The Inhibition of Aldose Reductase Attenuates Hepatic Ischemia-Reperfusion Injury Through Reducing Inflammatory Response

Abstract

We aim to investigate the role of aldose reductase (AR) in hepatic ischemia-reperfusion injury (IRI) of normal and fatty livers and to explore the underlying mechanisms. Hepatic IRI is a typical inflammatory response during liver surgery. It contributes to liver graft failure or nonfunction after transplantation. Increasing evidence implicates that AR plays a key role in a number of inflammatory diseases. However, the role of AR in hepatic IRI is still unknown. Intragraft AR expression profile and the association with liver graft injury were investigated in both human and rat liver transplantation using normal or fatty graft. The direct role of AR in hepatic IRI was studied in the AR knockout mice IRI model with or without fatty liver.
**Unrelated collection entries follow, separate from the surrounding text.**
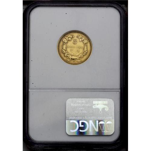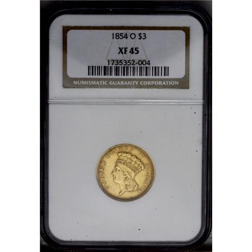 <B>1854-O<$3> XF45 NGC.</B></I> The only readily collectible first-year branch mint three dollar gold issue, and highly popular as such. This piece shows pretty yellow-gold centers with copper-gold peripheries; some faded mint luster still clings. There are no major abrasions, although the central strike is typically weak. The beginning of a die crack extends from the right ribbon toward the rim at 4 o'clock.<BR><I>From The Steve Glenn Collection.</B></I> <BR><BR><B>Important notice:</B> Heritage usually auctions material at the rate of 200-250 lots per hour. On some occasions eBay Live bid software or the Internet may not be able to keep up with the pace of the auction. We recommend placing a realistic absentee bid now as insurance to avoid disappointment. Occasionally the auctioneer may eliminate or reject an eBay Live bid, and the auctioneer may also reopen a lot after the close of the eBay live bidding (usually because we missed an audience bid), and may reject your bid even if it shows you as the winning bidder. By bidding via eBay Live, you agree that Heritage may award the lot to another bidder at its sole discretion under the circumstances described above or any other reasonable circumstances. Since eBay bids are not shown to us until we open the lot on the floor, we treat those bids just like floor bids. In most cases the floor responds before the eBay bid is presented to us, due to Internet lag time, so for consistency we have made it a policy that floor bids are always considered first over tie eBay live bids. Also please note that all Heritage lots purchased through eBay Live carry a 20% Buyer's Premium. Please make sure you read the Terms and Conditions before you bid. This lot is being auctioned in conjunction with a live floor auction by Heritage Galleries & Auctioneers. All final auction and invoice information will be supplied by Heritage Galleries & Auctioneers, and all other information should be considered preliminary. Lot:2556 <BR><BR><B>Winning Notification and Billing:</B> After the FINAL session in this auction is complete, Heritage will send e-mail and snail mail invoices. This process normally takes several days. All final auction and invoice information will be supplied by Heritage Galleries & Auctioneers, and all other information should be considered preliminary. <BR><BR>This auction will be conducted on a live auction floor and over the Internet through eBay Live. If you choose to place an absentee bid, please take a moment to <font color='#0000ff'><u><a href='http://pages.ebay.com/liveauctions/help/before/laabsentee.html'>learn how eBay Live absentee bidding works</a></u></font><font color='#000000'>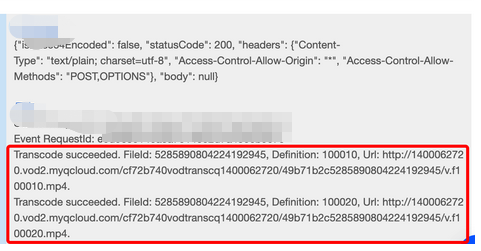 4. 调用trans_media()发起转码,输出云 API 的回包到 SCF 日志,并回包给 VOD 的事件通知服务: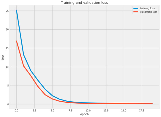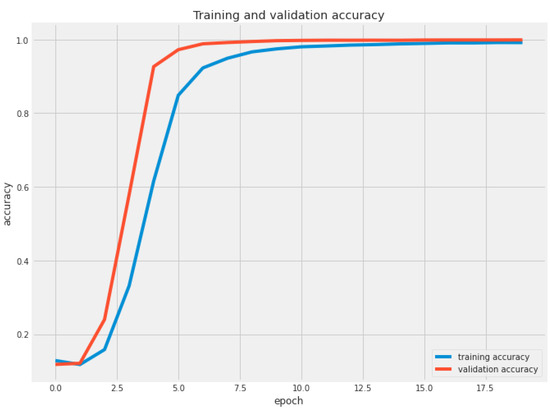 The dataset used in this study was split into two separate sets: training and testing at a ratio of 80% to 20%, respectively. According to [46], experimental research indicates that using 20–30% of the data for testing and the remaining 70–80% of the data for training yields optimal results. In this study, 80:20 achieved optimal results and was thus chosen for data splitting. The training set was utilized to train the hybrid EffiMob-Net model on a Google Colab in a GPU environment using Python programming language. The testing set was used to validate the model performance. The experiment was executed using MacBook Pro for 20 iterations in 40 batches. The model was compiled using the Adamax optimizer with a learning rate of 0.001. The best classifier with respect to accuracy metrics was selected to show the results for detecting tomato leaf diseases. The 20% testing set was used to verify the performance of the hybrid EffiMob-Net model using training and validation accuracies and losses. Categorical cross-entropy was used as a loss function to measure the losses. The experiment was repeated several times, and the best-fitting model with respect to accuracy metrics was finalized. The finalized trained hybrid model was then saved to the local directory for future use. Figure 7 depicts the training and validation accuracies. Normally, the curve of training accuracy is greater; however, both curves come closer to each other as the epochs advance. An epoch represents one iteration of training a model with all training data. The best epoch in which both curves coincide is epoch 20, which was one of the main reasons for executing the model for 20 epochs. Likewise, the training and validation loss shown in Figure 8 demonstrates the validity of the proposed hybrid EffiMob-Net in that both curves come closer to each other, progress simultaneously as the epochs advance, then coincide at epoch 13 and progress together in the same manner. This indicates the lack of overfitting of the hybrid EffiMob-Net model, which was avoided by using regularization, dropout, and BN techniques. The performance of the model was measured using accuracy, precision, recall, and F1-scores from the following equations.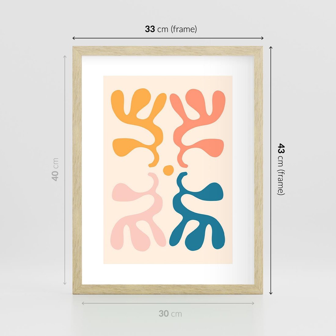 Plakat w ramie 30x40 - Migotliwe Akwarelowe Kontury - absrakcyjne dziwne formy, nowoczesny plakat - rama drewno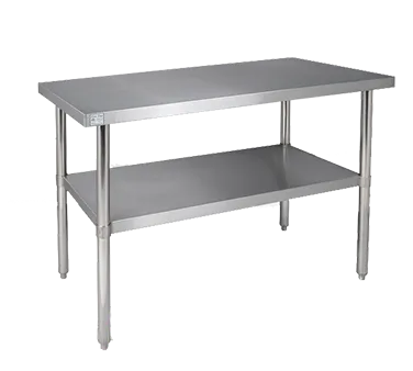 Modernize operations with the Klingers Trading 16GA-AST3060 Work Table. This versatile table is designed for commercial restaurant use, offering a durable and functional solution to streamline your kitchen operations. The 16/430 stainless steel top with turned-down edges ensures easy cleaning and prevents spills from dripping onto the floor. Reinforced with three hat channels, this table provides exceptional strength and stability, making it perfect for heavy-duty tasks. The stainless steel undershelf and legs offer additional storage space for your kitchen essentials, keeping everything within reach for efficient workflow. With adjustable bullet feet, you can easily level the table on uneven surfaces. Whether you need a prep station, a place to assemble ingredients, or a sturdy surface for equipment, the Klingers Trading 16GA-AST3060 Work Table is the ideal choice for modernizing your restaurant operations.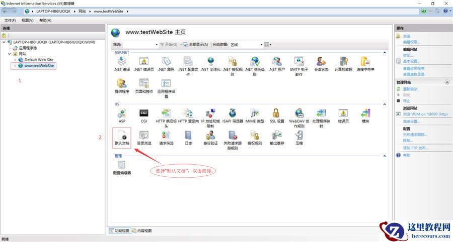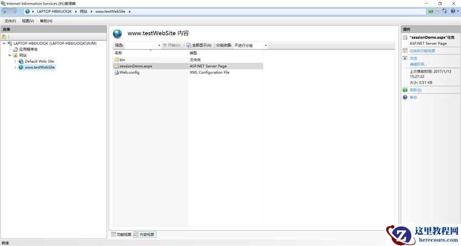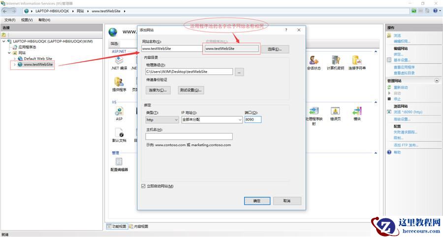 5、此时,IIS主界面,“网站”多了一个站点“www.testWebSite”,即是刚才给站点取得名字。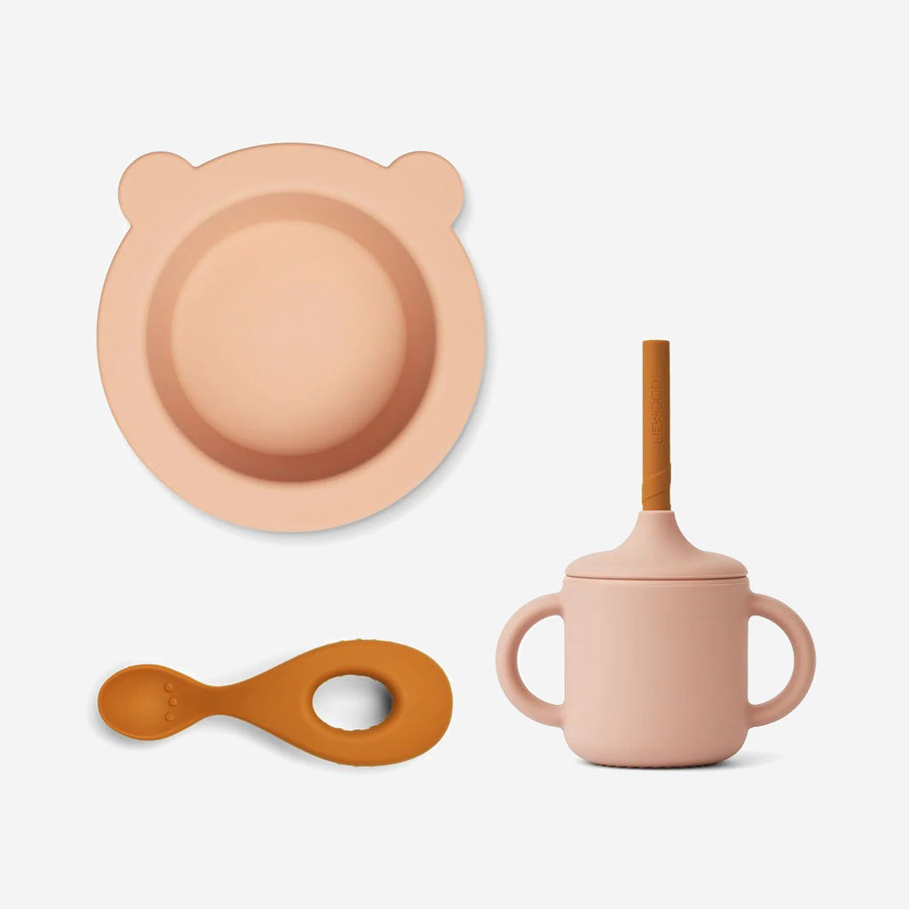 The Liewood Kali Bowl set in Rose mix, includes everything your baby needs at mealtime. With a bowl, cup and spoon, it is perfect for breakfast, lunch and dinner.

They were further validated by the simulated IRI in vitro model using fatty LO2 cells with or without AR inhibitor zopolrestat and primary peritoneal macrophages isolated from AR knockout and wild-type mice. Gene expression of inflammatory cytokines/chemokines, the infiltration of macrophages/neutrophils, and NF-κB pathway activation were compared among different groups. AR was overexpressed in liver graft after human and rat liver transplantation and correlated with consequent liver injuries. The knockout of AR significantly attenuated hepatic sinusoidal damage and apoptosis in both normal and fatty livers after IRI. The expression of proinflammatory cytokines/chemokines and neutrophil chemoattractants, infiltration of macrophage and neutrophil, and activation of inflammation-associated NF-κB and JNK pathway were downregulated in AR knockout mice. Furthermore, the inhibition of AR effectively suppressed macrophage migration and decreased lipopolysaccharide (LPS)-induced production of proinflammatory cytokines/chemokines in isolated macrophages. The deficiency of AR attenuated hepatic IRI in both normal and fatty livers by reducing liver inflammatory responses.